It's essentially a smoky twist on a Manhattan. But not only is the cocktail not mega-new to Bend as it's been on the steak-centric bar and grill's menu since it opened just over a year ago, but it wasn't new itself, having been born as a drink called New Money from the cocktail list at Imperial, the Vitaley Paley-fronted Portland restaurant that shuttered a few months into the pandemic. Portland's loss is Bend's gain.

In more ways than one. At around the same time the vaunted Paley retired from the Portland restaurant and hospitality industry, so did John Gorham, meaning the city lost, arguably, its two biggest names. But Gorham relocated to Central Oregon, as did Paley Hospitality's co-owner and general manager, Garrett Peck. It's here where Gorham and Peck united and then conceived of RBC. Several elements from each's previous restaurants found new life in Northwest Crossing. (Toro Bravo's iconic potatoes bravas, for one). Mercifully, TCFKA (the cocktail formerly known as) New Money is among them. "When we put the drink program together here at RBC," says Peck, "we used some of the old faves from various bar programs we had in the past and tweaked names and ingredients to be more on brand with Central Oregon and RBC."

Prescribed Burn is inarguably the better name. Granted, "new money" is an incidental fact of life in Bridgetown, but prescribed burns are a vital fact of life in Bend. Moreover, the Bulleit Bourbon-based cocktail doesn't taste like ducats that the nouveau riche burn through, nor is Bulleit close to RBC's spendiest bourbon. Amaro is a key ingredient that lends the drink a peck of sweetness and an herbaceous smooch. (RBC's amaro list is 16 strong!) It's gilded with a splash of bitters. But the player that makes it sing is the house-smoked vermouth.

I don't find Cinzano on its own to be that inspiring, since the vermouths available to mixologists today have gone through quite the artisanal revolution.

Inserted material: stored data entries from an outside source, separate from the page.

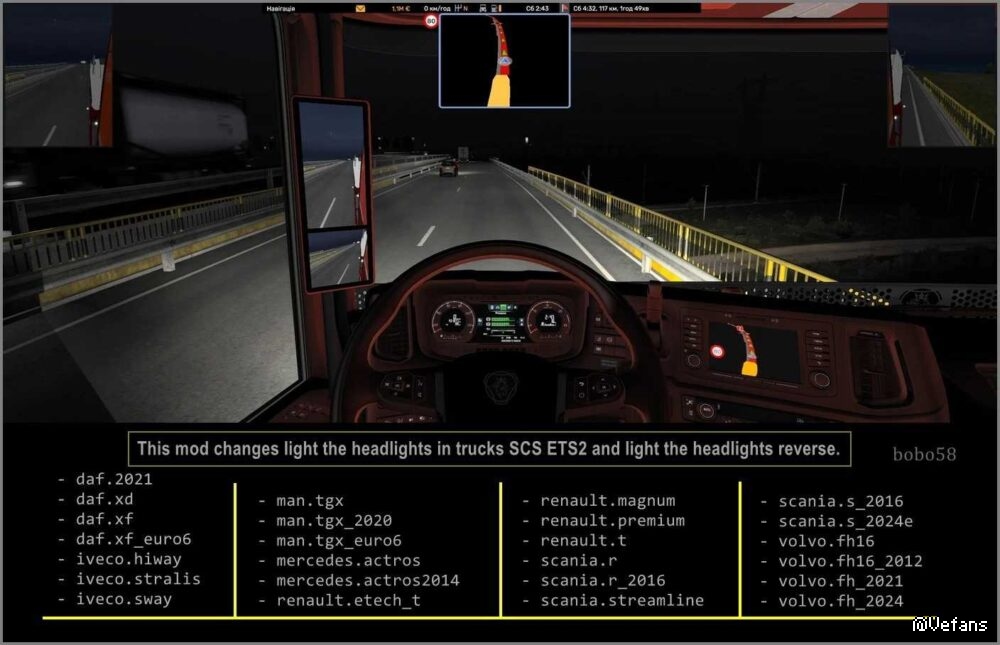 This mod changes the headlights in trucks in ETS2 and lights the headlights in reverse.
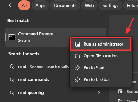 - Press Windows + S, type “cmd”, right-click it, and select Run as administrator.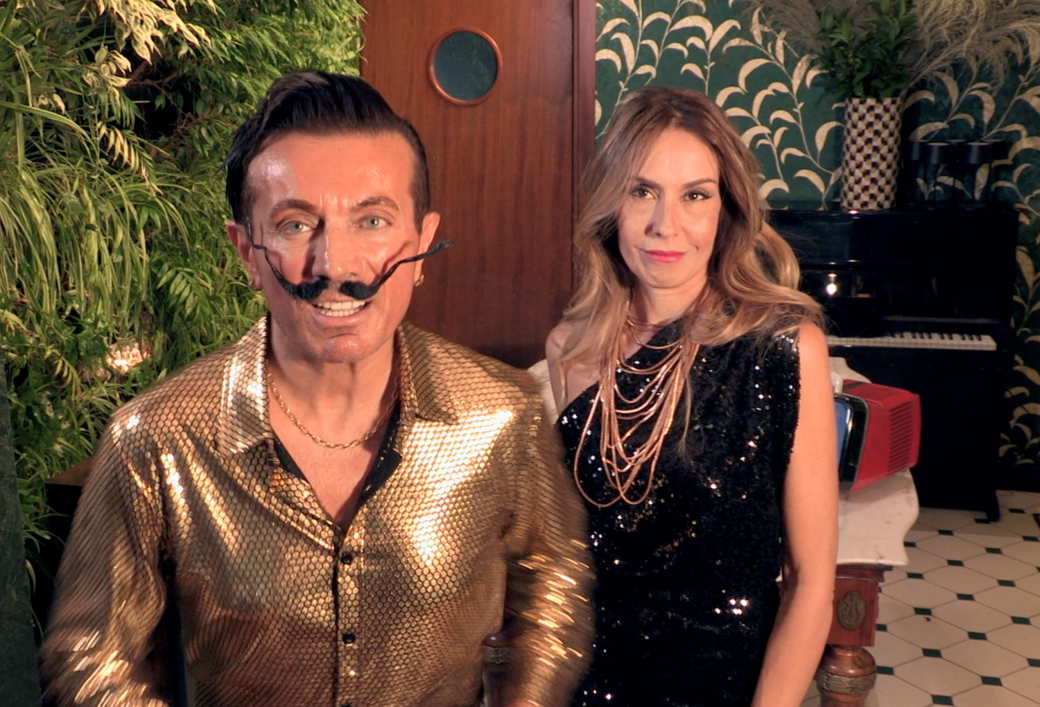 Insomma erano anni di sogni condivisi, fiducia collettiva e un fermento culturale che sembrava inarrestabile. Su questo sfondo si innesta il racconto del video, costruito come un viaggio simbolico tra passato e presente. Il filo conduttore è un televisore d’epoca sintonizzato sull’immaginaria “TV FUTURE”, un canale che idealmente trasmette frammenti del futuro già dagli anni ’80. Attraverso questo espediente narrativo, l’Amanda Lear interpretata dall’attrice Tiziana Ferlazzo osserva ciò che il tempo ha riservato al mondo. Al suo fianco, Maurizio Camuti, con i baffi che richiamano Salvador Dalí ,diventa una sorta di guida visionaria, un accompagnatore che le mostra, con un misto di stupore e malinconia, gli scenari del presente. Le immagini che scorrono sullo schermo rivelano un mondo radicalmente diverso da quello immaginato decenni fa: conflitti armati sempre più vicini, notizie di guerra che invadono quotidianamente radio e televisioni, tensioni che sembrano aver riportato

But what better way to revolutionize what vermouth can be than by taking one of the best-known (and budget-friendly) brands and giving it a fiery makeover, such that you wouldn't dare call it fortified wine?

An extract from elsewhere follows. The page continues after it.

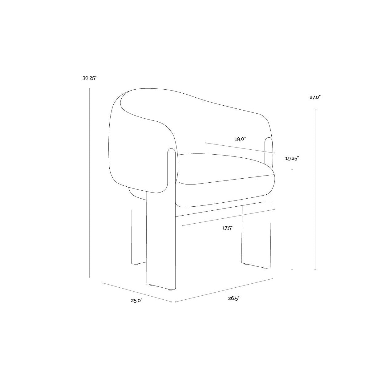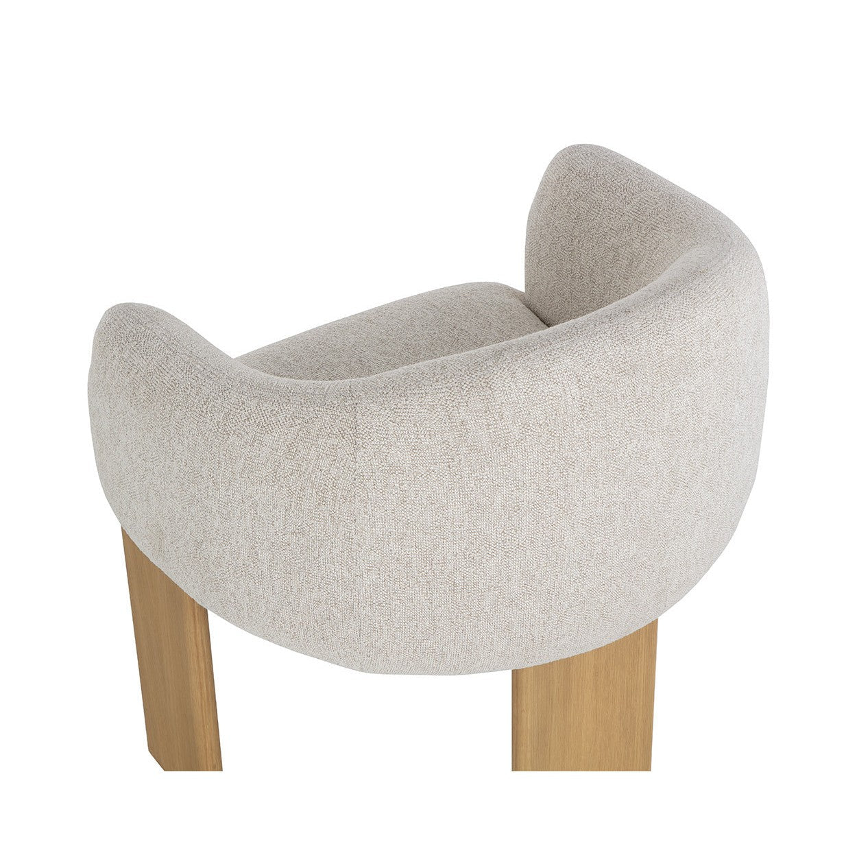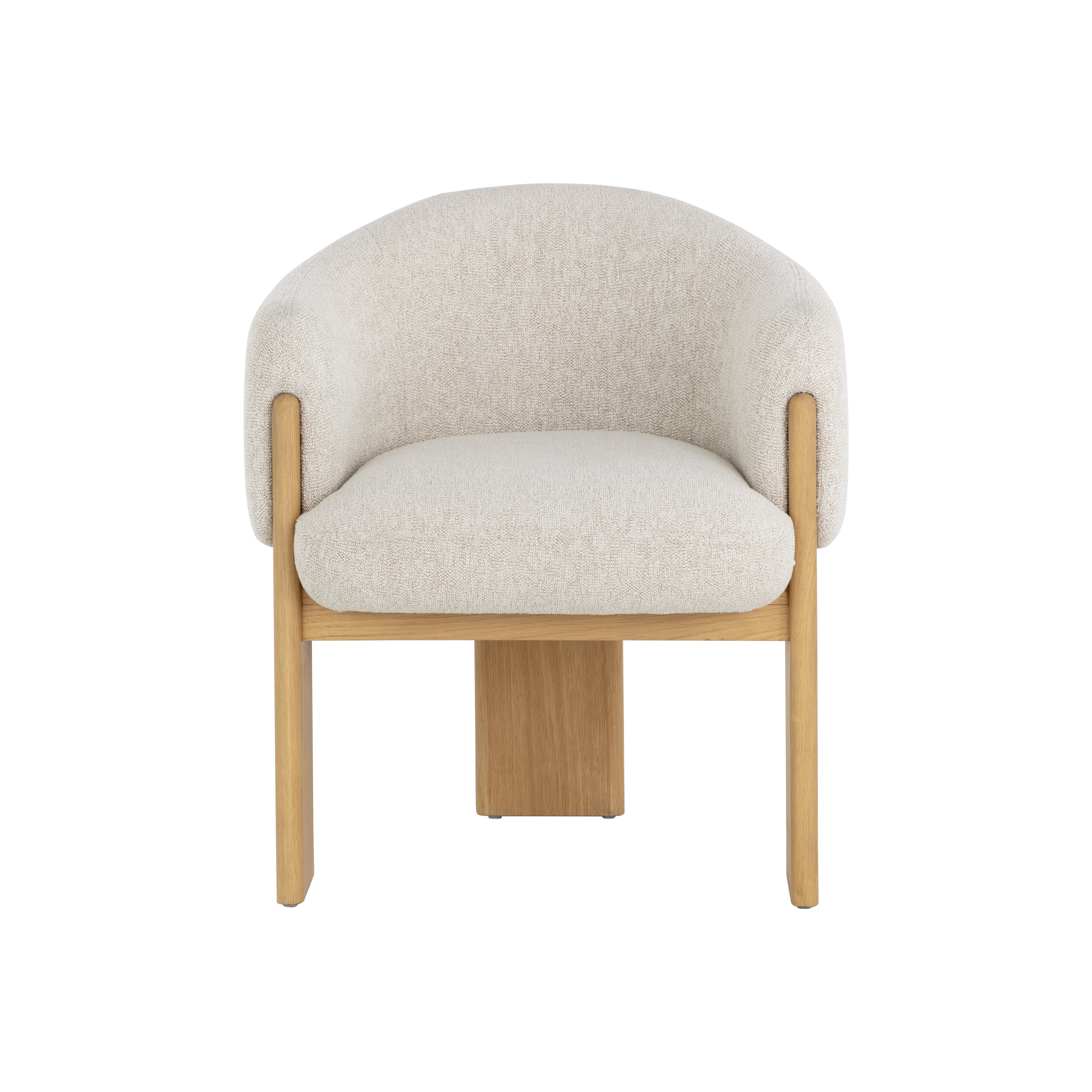 Embrace the luxurious comfort of the uniquely shaped Trine Dining Armchair. Generously padded and upholstered in our stylish dove cream fabric, this piece will complement any home aesthetic. Completed with a rustic oak wood base with a cerused finish on the legs.

And yes, the crew really does empty a couple bottles of the red vermouth into a pan to smoke it in-house. The result flits through the intersection of smoky and sweet. Think that doesn't sound good to you? I guess you don't like Kansas City barbecue. Or s'mores!

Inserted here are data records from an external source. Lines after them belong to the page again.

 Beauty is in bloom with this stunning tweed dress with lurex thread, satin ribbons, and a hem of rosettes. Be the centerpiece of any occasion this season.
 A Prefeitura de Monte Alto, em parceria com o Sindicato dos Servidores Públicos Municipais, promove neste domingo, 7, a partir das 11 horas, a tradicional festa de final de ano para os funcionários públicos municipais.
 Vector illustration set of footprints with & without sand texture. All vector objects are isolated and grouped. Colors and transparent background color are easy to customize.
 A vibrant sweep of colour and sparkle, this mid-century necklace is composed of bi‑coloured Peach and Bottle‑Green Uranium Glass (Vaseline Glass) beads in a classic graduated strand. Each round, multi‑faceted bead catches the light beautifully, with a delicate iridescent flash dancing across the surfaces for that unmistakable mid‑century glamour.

RBC itself operates in a unique intersection. It offers steak tartare and octopus a la plancha as well as some nearly $200 steaks (large enough to feed a family or make Joey Chestnut feel full), but it also offers spruced-up comfort food. I could subsist on the hushpuppies with jalapeno butter. And, IMHO, although the cost of RBC's bistro burger is in line with most food truck prices (when also accounting for bacon and a side of fries), it's the best in town (and this coming from a Dandy's diehard). But the rug that really ties the room together is the Prescribed Burn, all thanks to that smoked vermouth.

Rancher Butcher Chef
2838 NW Crossing Dr., Bend

Brian Yaeger

Brian Yaeger is a beer author (including "Oregon Breweries"), beer fest producer and beer-tasting instructor at COCC. Because he’s working on doughnut authorship, you’ll find he occasionally reviews our local doughnut scene. Yes, he absolutely floats all summer long with a beer in one hand and a doughnut in the...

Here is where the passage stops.